Из-за спины Орлика вышла Айсил, и по ее лицу Гардик понял, что спрашивать о судьбе двух стражников, которые должны были ждать его в коридоре, не следует. Айсил села на то самое место, где сидела еще вчера, заставляя магистров вспоминать собственную юность, когда даже мысли о женщине горячили неопытную плоть, и запустила руку под стол. Секунду она что-то нащупывала там, потом вытащила липкий комочек и растерла его по ладони.
– Я все слышала, – сказала она магистру. – Все, о чем вы тут говорили. Поэтому не будем тратить время на упреки. Мне нет дела до того, которые из магистров настоящие, а какие подлинные. Плевать на то, давно ли хранители стали самохранителями. Тем более что мне не так уж много хочется узнать. Разве только вот это. Кто попытается или уже попытался убить Фейра Гальда?
– Травник Ласах, оружейник Ханк и охранник менялы Вохра Чарк, – словно против воли Гардика раздались слова.
– Они же должны были затем убить Орлика, – задумалась Айсил, – хотя в отношении травника и оружейника у тебя были сомнения.

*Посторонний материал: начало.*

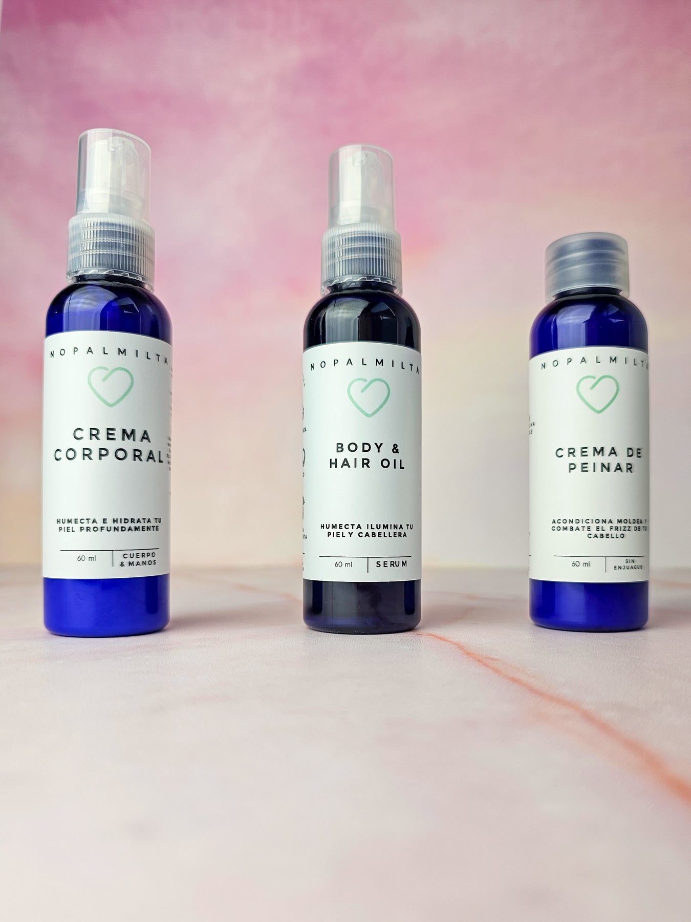 Incluye 3 productos esenciales para una rutina corporal y capilar completa: Serum  nutritivo, gel corporal sin enjuague, crema corporal y crema de peinar.

– Были, – согласился Гардик. – Ну так и против них нашлись бы стрелки и клинки.
– Хаклик или Орлик, Ворт, Грейн, Шарб, сам Рин Олфейн, Ласах, Ханк, Чарк, ты – Гардик, – она прищурилась. – Девять. Кто десятый?

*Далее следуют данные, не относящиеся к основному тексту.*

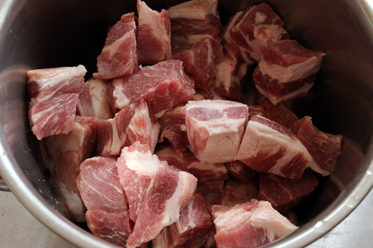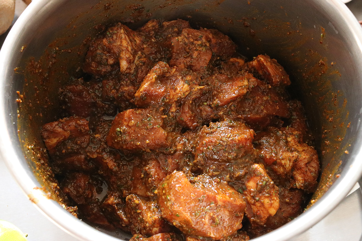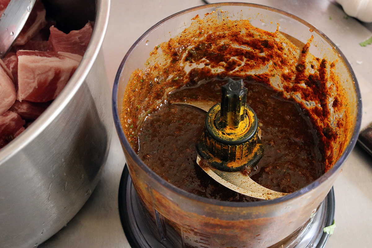 | cut pork into cubes and sprinkle with salt. add remaining ingredients into food processor and blend to make marinade. mix marinade with pork and leave overnight. | |

– Он неохотно… служит, – произнес Гардик и вдруг почувствовал ужас.
– Кто? – спросила Айсил.
– Арбис, – словно разорвал смыкающий губы клей Гардик. – Он изменился в последние лет десять, но… Арбис.
– Это уже война. – Айсил посмотрела на Орлика, и странный четырехгранный клинок вошел в грудь старшего магистра.
Хельд пришел к Олфейну только ночью. Рин не видел, как солнце ушло за горизонт, потому что был глубоко под землей, глубже, чем ему приходилось спускаться до сих пор, наверное, даже много глубже, чем бурлила черной глубиной Мертвая яма в подземелье Водяной башни. Но отчего-то он чувствовал, что вот именно теперь солнце подобралось к горизонту, а теперь исчезло на треть, наполовину, скрылось совсем. Он не мог сказать, очистилось ли небо в последнюю предпраздничную ночь, или облака нависали над Айсой непроницаемой пеленой, но солнце чувствовал и желал только одного: дожить до завтра, чтобы скрестить меч с Фейром Гальдом.